▸ **Task requirements**:
Would you restate every entry below word for word? Leave out the pictures.

▸ **Task inputs**:
^^^^
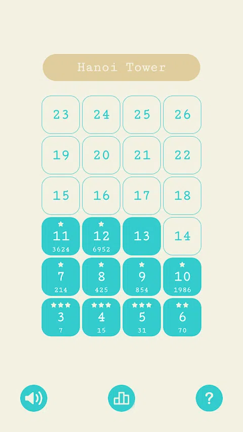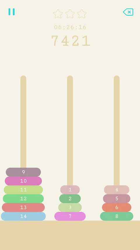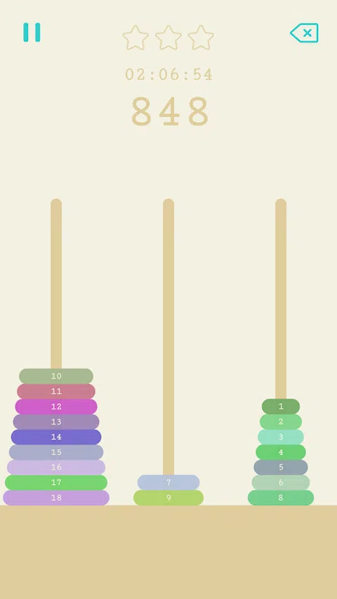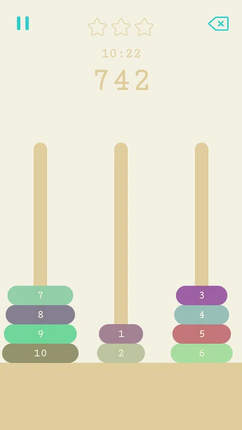 汉诺塔,又称河内塔,是一个年代久远的经典益智游戏。 汉诺塔玩法如下: 1. 分别有左、中、右三根柱子。 2. 左柱上叠放着按大小顺序排列的多个圆盘。 3. 左右滑动屏幕移动盘子。 4. 不能出现大盘子在小盘子上方。 4. 可以使用中柱作为暂时存放。 5. 全部盘子移动到右柱上获胜
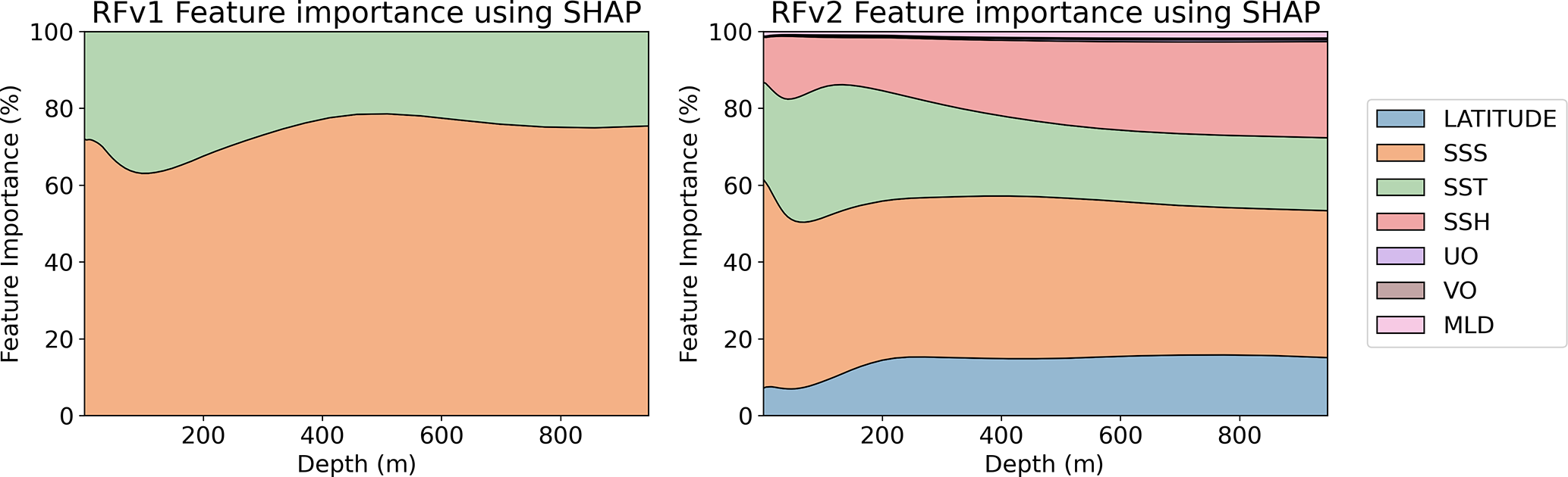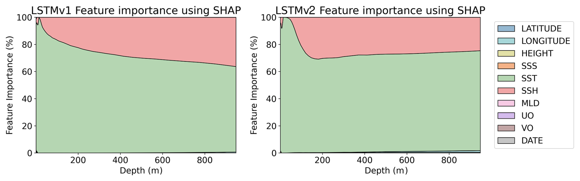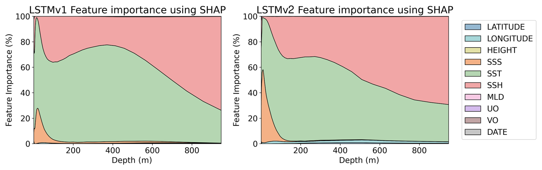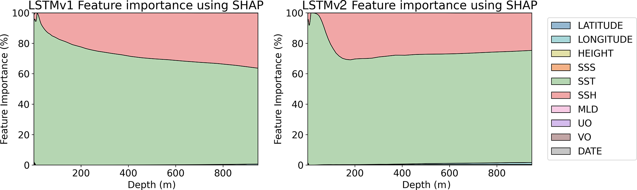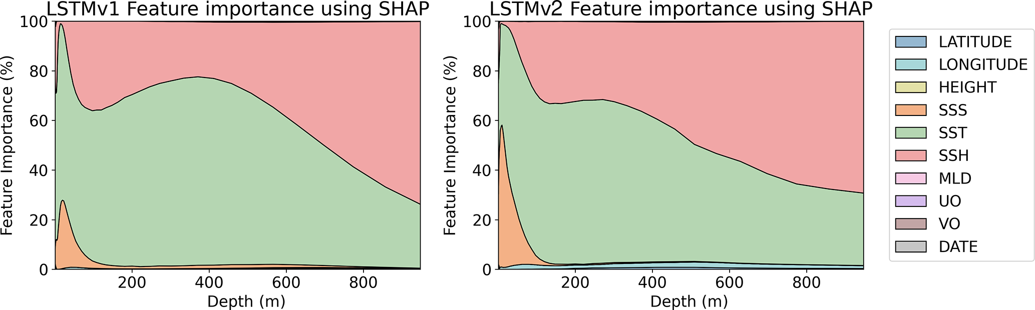 We compare how the variable selection and importance change when uncertainty is included in the training data. SHAP results for the RFR models (with uncertainties) are shown in Fig. 9. Both RFRv1 and RFRv2 use the SSS as the primary predictor variable, followed by the SST. We do not observe remarkable differences when compared to the results obtained without accounting for the uncertainties (Fig. 8). This is because the RFR is an ensemble model that has high tolerance to noise. The SHAP values for the salinity LSTM model are shown in Fig. 10. We observe a similar pattern in the SSS, SST predictors. Both variables have more impact in the first 100 m. After that, their weight decreases (substituted by SSH) and becomes stable. Unlike in Fig. 8, the LSTM models are not able to extract information from the MLD and the currents. The latitude variable is also mostly erased from the prediction. This can be due to the spatial roughness induced by the randomness of the uncertainties, as the model faces problems when searching for a smooth relationship with spatial patterns.
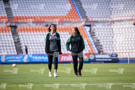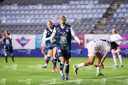 Pachuca, Hidalgo, 5 de abril de 2026. Mayalu Rausch y Embajadora, durante el partido correspondiente a la jornada 16 del torneo Clausura 2026 de la Liga BBVA MX Femenil, entre las Tuzas del Pachuca y las Esmeraldas del León, realizado en el estadio Hidalgo. Foto: Imago7/ Jacqueline Pedraza
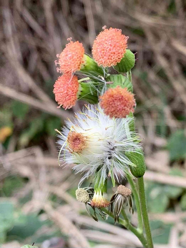 家の前の道端、人知れず紅花襤褸菊が綿毛を飛ばしています。
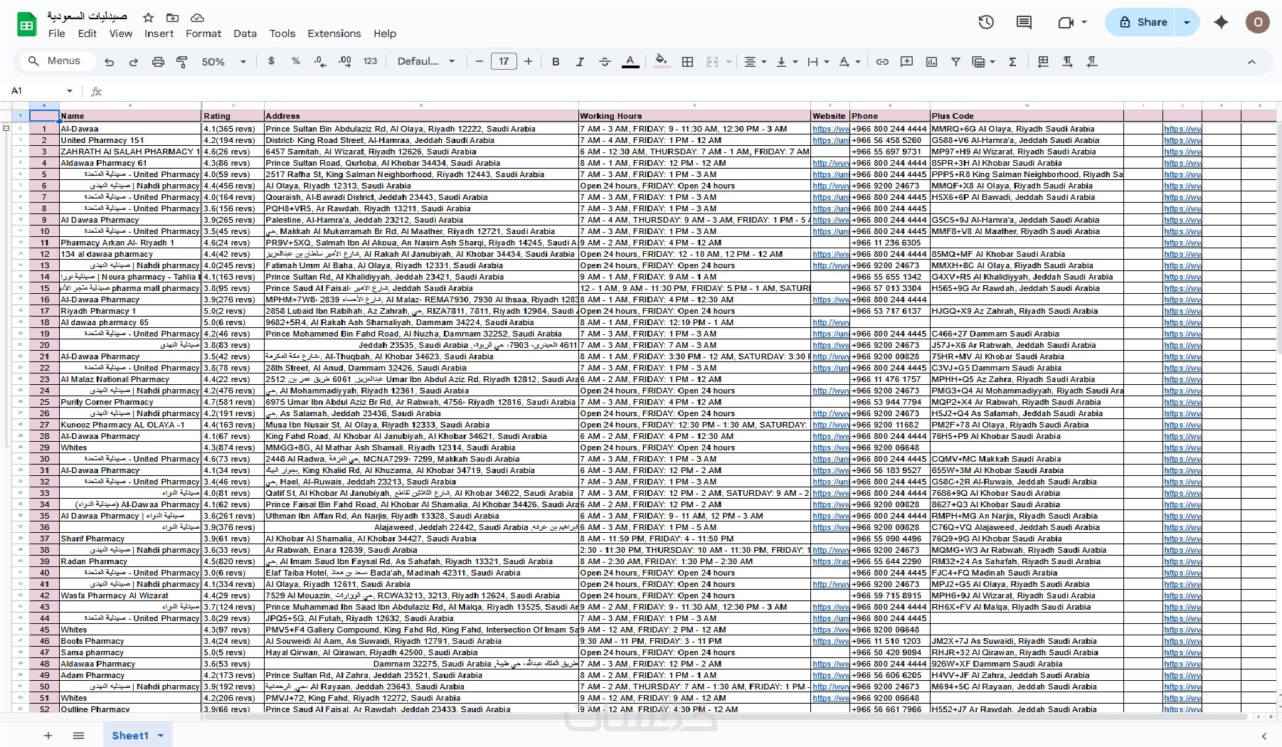 قوائم جاهزة مستخرجة من جوجل مابس بتاريخ حديث
^^^^
▸ **Task solution**:
 汉诺塔,又称河内塔,是一个年代久远的经典益智游戏。 汉诺塔玩法如下: 1. 分别有左、中、右三根柱子。 2. 左柱上叠放着按大小顺序排列的多个圆盘。 3. 左右滑动屏幕移动盘子。 4. 不能出现大盘子在小盘子上方。 4. 可以使用中柱作为暂时存放。 5. 全部盘子移动到右柱上获胜
 We compare how the variable selection and importance change when uncertainty is included in the training data. SHAP results for the RFR models (with uncertainties) are shown in Fig. 9. Both RFRv1 and RFRv2 use the SSS as the primary predictor variable, followed by the SST. We do not observe remarkable differences when compared to the results obtained without accounting for the uncertainties (Fig. 8). This is because the RFR is an ensemble model that has high tolerance to noise. The SHAP values for the salinity LSTM model are shown in Fig. 10. We observe a similar pattern in the SSS, SST predictors. Both variables have more impact in the first 100 m. After that, their weight decreases (substituted by SSH) and becomes stable. Unlike in Fig. 8, the LSTM models are not able to extract information from the MLD and the currents. The latitude variable is also mostly erased from the prediction. This can be due to the spatial roughness induced by the randomness of the uncertainties, as the model faces problems when searching for a smooth relationship with spatial patterns.
 Pachuca, Hidalgo, 5 de abril de 2026. Mayalu Rausch y Embajadora, durante el partido correspondiente a la jornada 16 del torneo Clausura 2026 de la Liga BBVA MX Femenil, entre las Tuzas del Pachuca y las Esmeraldas del León, realizado en el estadio Hidalgo. Foto: Imago7/ Jacqueline Pedraza
 家の前の道端、人知れず紅花襤褸菊が綿毛を飛ばしています。
 قوائم جاهزة مستخرجة من جوجل مابس بتاريخ حديث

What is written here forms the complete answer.